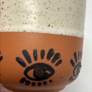 Eye Design Speckled Cream and Brown Ceramic Planter/Vase. Brand New 3x3x3” Decor
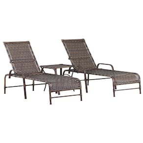 Kit 2 Espreguiçadeiras Catar e Mesa com Pintura Eletrostática Piscina Jardim Alumínio Trama - Marrom Escuro
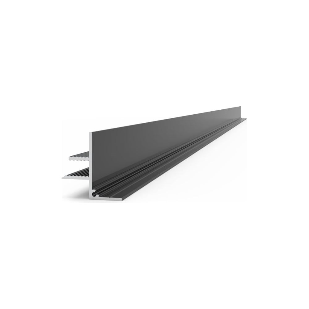Плинтус потолочный под гипсокартон 12 мм изготовлен из анодированного алюминиевого сплава и имеет черное матовое покрытие. Благодаря улучшенным характеристикам плинтуса, монтаж будет несложным, а результат превысит ваши ожидания. На основании плинтуса предусмотрены насечки для крепления его стене с помощью саморезов. Две рифленые планки под основанием плинтуса обеспечивают лучшее сцепление с гипсокартоном и шпаклевкой, что исключает дальнейшее появление трещин на потолке. Специальный технологический зазор в плинтусе позволяет без труда стыковать два профиля между собой с помощью финишного гвоздя. Саморезы и финишные гвозди приобретаются отдельно.
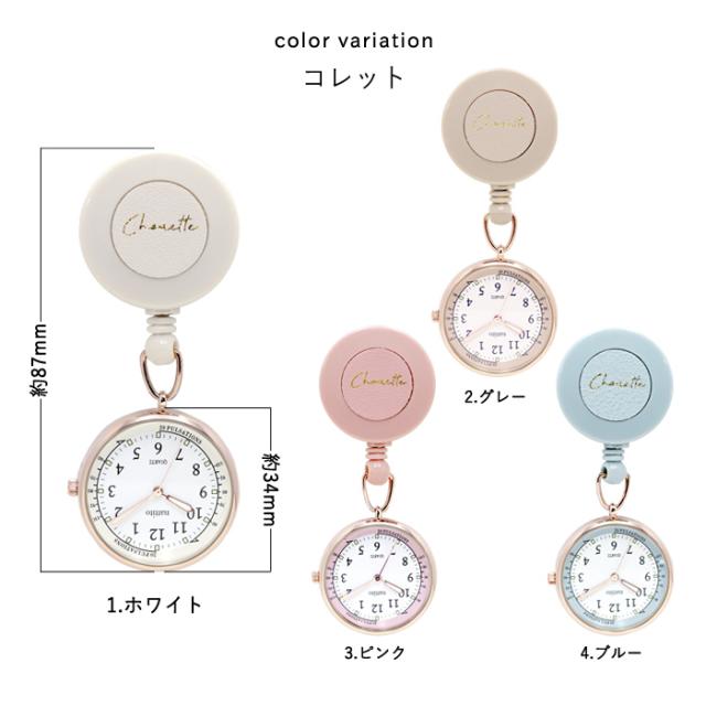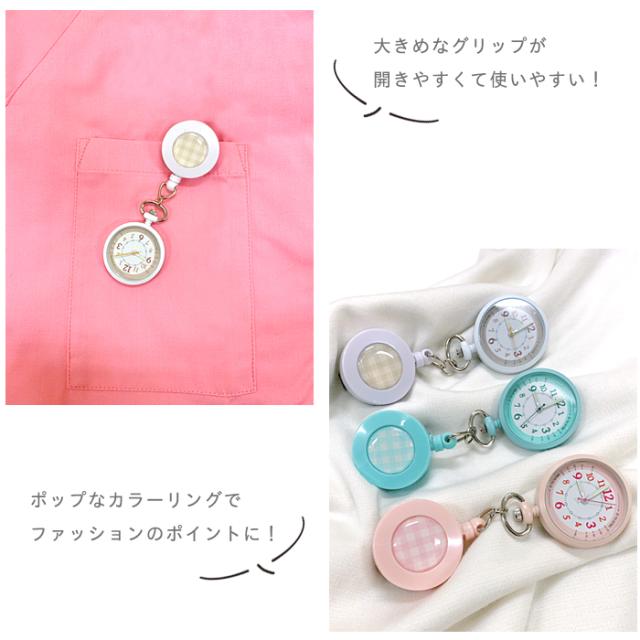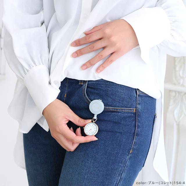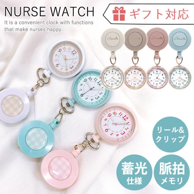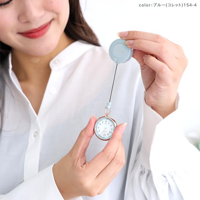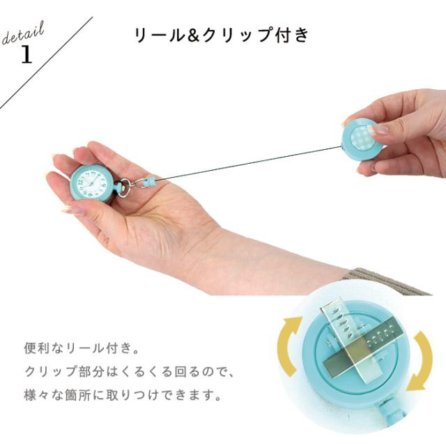 ナースウォッチ 1年保証 (fw-gy0171)【メール便送料無料】 ギフト対応 メッセージカード無料 看護師 ナース 介護士 かわいい リール クリップタイプ のびる 60cm 暗闇で光る スーパールミ 蓄光 日本製クォーツ 懐中時計 看護 介護 ナースグッズ プレゼント agesugi_sfa
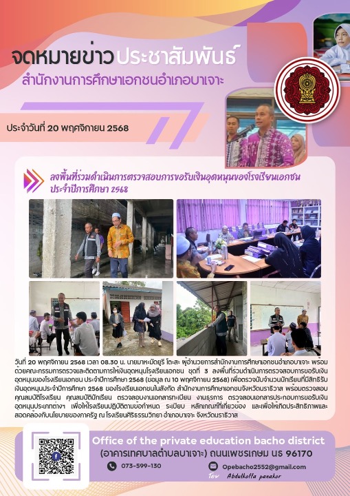 วันที่ 20 พฤศจิกายน 2568 เวลา 08.30 น. นายมาหะมัดยูรี โตะสะ ผู้อำนวยการสำนักงานการศึกษาเอกชนอำเภอบาเจาะ พร้อมด้วยคณะกรรมการตรวจและติดตามการให้เงินอุดหนุนโรงเรียนเอกชน ชุดที่ 3 ลงพื้นที่ร่วมดำเนินการตรวจสอบการขอรับเงินอุดหนุนของโรงเรียนเอกชน ประจำปีการศึกษา 2568 (ข้อมูล ณ 10 พฤศจิกายน 2568) เพื่อตรวจนับจำนวนนักเรียนที่มีสิทธิรับเงินอุดหนุนประจำปีการศึกษา 2568 ของโรงเรียนเอกชนในสังกัด สำนักงานการศึกษาเอกชนจังหวัดนราธิวาส พร้อมตรวจสอบคุณสมบัติโรงเรียน คุณสมบัตินักเรียน ตรวจสอบงานเอกสารทะเบียน งานธุรการ ตรวจสอบเอกสารประกอบการขอรับเงินอุดหนุนประเภทต่างๆ เพื่อให้โรงเรียนปฏิบัติตามข้อกำหนด ระเบียบ หลักเกณฑ์ที่เกี่ยวข้อง และเพื่อให้เกิดประสิทธิภาพและสอดคล้องกับนโยบายของภาครัฐ ณ โรงเรียนศิริธรรมวิทยา อำเภอบาเจาะ จังหวัดนราธิวาส
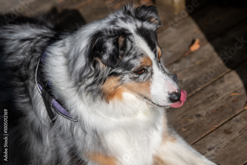 A closeup of an Australian shepherd puppy or Aussie with its mouth open and its long pink tongue hanging out. The young dog has brown, grey, white, and black fur. The dog has Corneal degeneration.
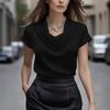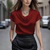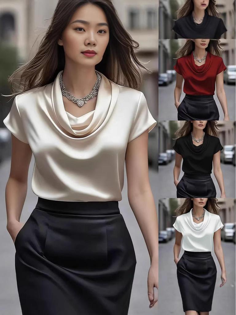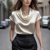 2025 Fashionable Women's Satin Drape French Style Short Sleeve Shirt
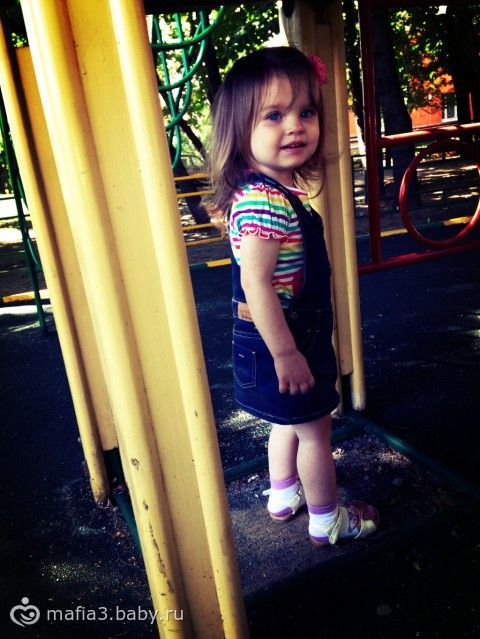 папа нами сегодня гордился: на площадке какой-то мальчик толкнул Алису и отобрал у нее мяч, алиса надула губки, но не заплакала. дальше мальчик начал всякие игрушки-формочки собирать в ведро. в тот момент, когда он отвернулся за чем-то, алиса схватила ведро и побежала, мальчик, хныча, за ней. бежит, плачет, а алиса развернулась и рассмеялась ему в лицо) коварная девочка растет))) пысы мальчик года на 2-3 старше нас.
- - - - - - -
◆ TASK PROMPT
Only the lines starting at the one that includes "Kit 2 Espreguiçadeiras" and ending at the one that includes "2025 Fashionable Women's" should be retyped, exactly, from the records above; no pictures.

◆ SOLUTION FOR THIS PROBLEM
 Kit 2 Espreguiçadeiras Catar e Mesa com Pintura Eletrostática Piscina Jardim Alumínio Trama - Marrom Escuro
Плинтус потолочный под гипсокартон 12 мм изготовлен из анодированного алюминиевого сплава и имеет черное матовое покрытие. Благодаря улучшенным характеристикам плинтуса, монтаж будет несложным, а результат превысит ваши ожидания. На основании плинтуса предусмотрены насечки для крепления его стене с помощью саморезов. Две рифленые планки под основанием плинтуса обеспечивают лучшее сцепление с гипсокартоном и шпаклевкой, что исключает дальнейшее появление трещин на потолке. Специальный технологический зазор в плинтусе позволяет без труда стыковать два профиля между собой с помощью финишного гвоздя. Саморезы и финишные гвозди приобретаются отдельно.
 ナースウォッチ 1年保証 (fw-gy0171)【メール便送料無料】 ギフト対応 メッセージカード無料 看護師 ナース 介護士 かわいい リール クリップタイプ のびる 60cm 暗闇で光る スーパールミ 蓄光 日本製クォーツ 懐中時計 看護 介護 ナースグッズ プレゼント agesugi_sfa
 วันที่ 20 พฤศจิกายน 2568 เวลา 08.30 น. นายมาหะมัดยูรี โตะสะ ผู้อำนวยการสำนักงานการศึกษาเอกชนอำเภอบาเจาะ พร้อมด้วยคณะกรรมการตรวจและติดตามการให้เงินอุดหนุนโรงเรียนเอกชน ชุดที่ 3 ลงพื้นที่ร่วมดำเนินการตรวจสอบการขอรับเงินอุดหนุนของโรงเรียนเอกชน ประจำปีการศึกษา 2568 (ข้อมูล ณ 10 พฤศจิกายน 2568) เพื่อตรวจนับจำนวนนักเรียนที่มีสิทธิรับเงินอุดหนุนประจำปีการศึกษา 2568 ของโรงเรียนเอกชนในสังกัด สำนักงานการศึกษาเอกชนจังหวัดนราธิวาส พร้อมตรวจสอบคุณสมบัติโรงเรียน คุณสมบัตินักเรียน ตรวจสอบงานเอกสารทะเบียน งานธุรการ ตรวจสอบเอกสารประกอบการขอรับเงินอุดหนุนประเภทต่างๆ เพื่อให้โรงเรียนปฏิบัติตามข้อกำหนด ระเบียบ หลักเกณฑ์ที่เกี่ยวข้อง และเพื่อให้เกิดประสิทธิภาพและสอดคล้องกับนโยบายของภาครัฐ ณ โรงเรียนศิริธรรมวิทยา อำเภอบาเจาะ จังหวัดนราธิวาส
 A closeup of an Australian shepherd puppy or Aussie with its mouth open and its long pink tongue hanging out. The young dog has brown, grey, white, and black fur. The dog has Corneal degeneration.
 2025 Fashionable Women's Satin Drape French Style Short Sleeve Shirt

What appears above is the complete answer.